Dataset section:
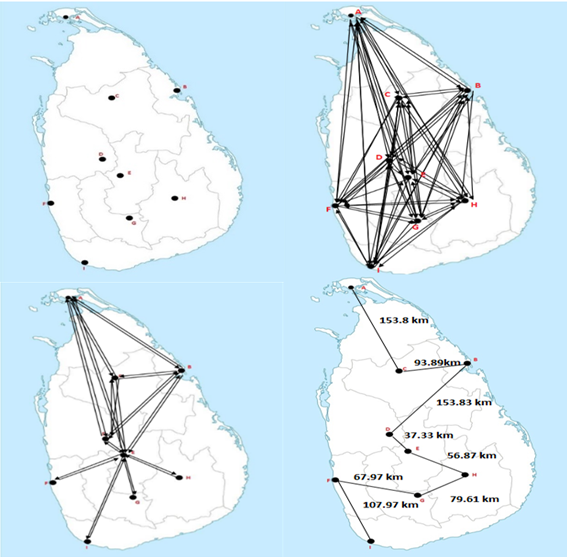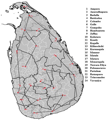Figure 7 indicates the minimum traffic flows in between every two plantations. Every edge is situated in the highly populated divisional sector of each district and represents the minimum traffic flow of the nearest plant. Here Figure 7 is directly based on traffic flows and minimum distances that we described in Table 1.
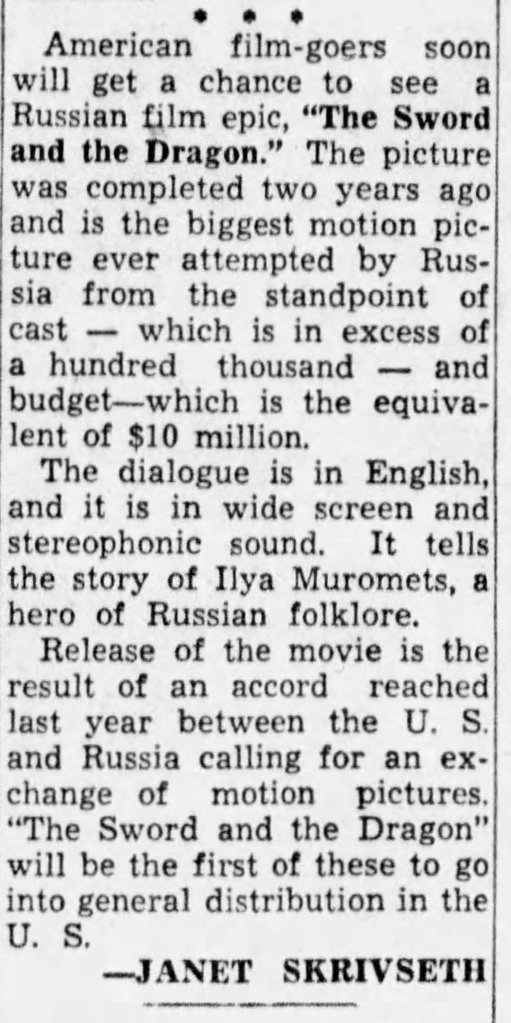 This past week I finally sat down and watched some films by Aleksandr Ptushko. I took the dive via Deaf Crocodile’s recent restorations of four essential titles, sold individually and as the Aleksandr Ptushko Fantastika Blu-ray box-set. Here are my reviews from my Letterboxd page for each film, along with some vintage clippings I found documenting the retitled stateside releases. These are beautiful releases from Deaf Crocodile, and I’m so happy to finally see these films that my young self read about so many years ago, as I note below.
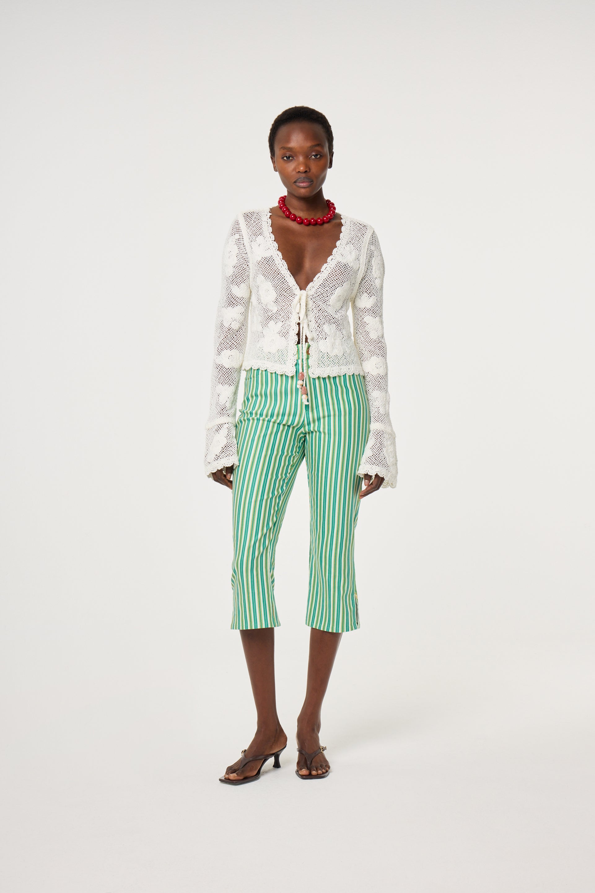 Diese farbenfrohe Streifenhose ist eine tolle Wahl für den Frühling. Der strukturierte Stoff und der klassische Knopfverschluss sorgen für eine bequeme und zugleich elegante Passform, die eine moderne und schmeichelhafte Silhouette zaubert. Für einen raffinierten Look kombinieren Sie die Hose mit einem schicken Neckholder-Top und runden Sie das Outfit mit eleganten Kitten Heels ab – für zeitlose Weiblichkeit.

Directions: Return the listing verbatim; pictures are not part of the copy.

Answer section:
Figure 7 indicates the minimum traffic flows in between every two plantations. Every edge is situated in the highly populated divisional sector of each district and represents the minimum traffic flow of the nearest plant. Here Figure 7 is directly based on traffic flows and minimum distances that we described in Table 1.
 This past week I finally sat down and watched some films by Aleksandr Ptushko. I took the dive via Deaf Crocodile’s recent restorations of four essential titles, sold individually and as the Aleksandr Ptushko Fantastika Blu-ray box-set. Here are my reviews from my Letterboxd page for each film, along with some vintage clippings I found documenting the retitled stateside releases. These are beautiful releases from Deaf Crocodile, and I’m so happy to finally see these films that my young self read about so many years ago, as I note below.
 Diese farbenfrohe Streifenhose ist eine tolle Wahl für den Frühling. Der strukturierte Stoff und der klassische Knopfverschluss sorgen für eine bequeme und zugleich elegante Passform, die eine moderne und schmeichelhafte Silhouette zaubert. Für einen raffinierten Look kombinieren Sie die Hose mit einem schicken Neckholder-Top und runden Sie das Outfit mit eleganten Kitten Heels ab – für zeitlose Weiblichkeit.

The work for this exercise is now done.